Осужденный в феврале 1882 года по процессу 20-ти народовольцев он, вместо казни, был заключен сначала Алексеевский равелин Петропавловской крепости, а потом, в 84 году, перевезен в Шлиссельбурга.
Более, чем кто-нибудь, испытал он на себе страшные последствия заключения в этих казематах. Он страдал цынгою, ревматизмом и чем-то вроде остеомиелита, так что долгое время не владел рукой и был совершенно глух, – и, кажется, ни одна система органов не осталась у него не пораженной каким-нибудь недугом.
В тюрьме его ум усиленно работал, и насколько в жизни он был практиком, презиравшим всякую отвлеченность, настолько же в заключении стал метафизиком. Он пересмотрел все свои убеждения, начиная с религиозных. Вопрос о бытии личного Бога долго занимал его, тем более, что первым товарищем его по прогулке (в Шлиссельбурге) был Исаев, в тюрьме уверовавший в милосердного Бога и страстно прильнувший к религии, утешавшей его в скорбях. Преодолев, наконец, свои сомнения, М. Ф. с сожалением говорил потом, что бог безличный, бог отвлеченный, бог, – в смысле Идеи истины и добра, мировой души и т. п. – не дает ему удовлетворения, что он хотел бы Бога, как его рисуют наивные иконостасы, деревенских храмов: Бога в виде седого как лунь, старца, сидящего на облаках и благосклонно взирающего оттуда на весь мир…
В области экономики он подверг критике трудовую теорию стоимости Маркса и стал ее противником в духе Бем-Баверка, как потом оказалось.
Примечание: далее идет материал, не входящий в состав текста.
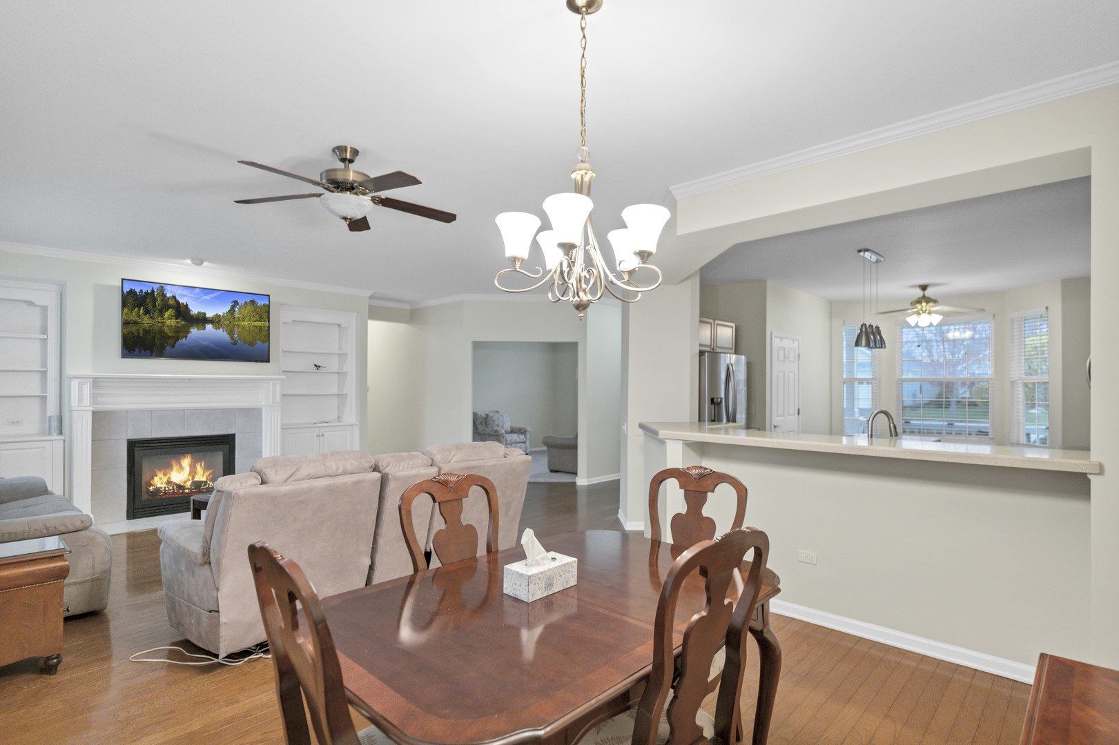 Del Webb-built Petoskey model situated on a desirable corner lot, featuring a custom vaulted four-season sunroom with heat and air, along with screened windows for year-round enjoyment. The home also includes an oversized paver patio and a lawn sprinkler system. Interior features include hardwood flooring, bay windows, crown molding, and six-panel white doors and trim throughout. The kitchen is appointed with glazed maple cabinetry and granite countertops, while the living room offers a gas log fireplace with custom built-ins. The primary suite includes a custom built-in wall unit, two walk-in closets, and a private bath with a double vanity. A guest bedroom, additional full bath, and a separate den or office provide flexible living space. The 2.5-car garage includes an energy package and pull-down stairs leading to a finished attic. Ideally located near Wildflower Lake, this home combines thoughtful upgrades with a highly desirable setting.

В области политики, забывая за тюремными стенами жизнь как она есть, с ее вынужденной кровавой борьбой и невозможностью широкой культурной деятельности в рамках полицейского государства, он все время мечтал о школах и народных университетах, библиотеках и артелях…
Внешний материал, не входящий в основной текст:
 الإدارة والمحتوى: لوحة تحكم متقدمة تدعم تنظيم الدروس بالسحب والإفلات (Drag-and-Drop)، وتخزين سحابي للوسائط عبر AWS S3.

Родившись на Кавказе, Михаил Федорович страстно любит юг, с его теплом и солнцем. Тоска по солнцу, которого в тюрьме так мало, проходит красной нитью в его тюремных настроениях».
М. У. Крицкий, Геленджик, 1905 год: «Осенним утром, часов в 10–11, от бывшего цементного завода в центр Геленджика пришла рабочая демонстрация. Люди несли красные знамена, пели «Марсельезу», «Варшавянку». К рабочим цементного завода присоединились рыбаки, крестьяне, учащиеся… Все друг друга радостно поздравляли со свершившейся революцией. Из центра города демонстранты направились на Толстый мыс, где жил политкаторжанин Фроленко. Во главе с ним переместились на пристань, где начался митинг. Товарищ Фроленко выступил перед собравшимися людьми и сказал, что надо кончать войну, переходить к мирной жизни».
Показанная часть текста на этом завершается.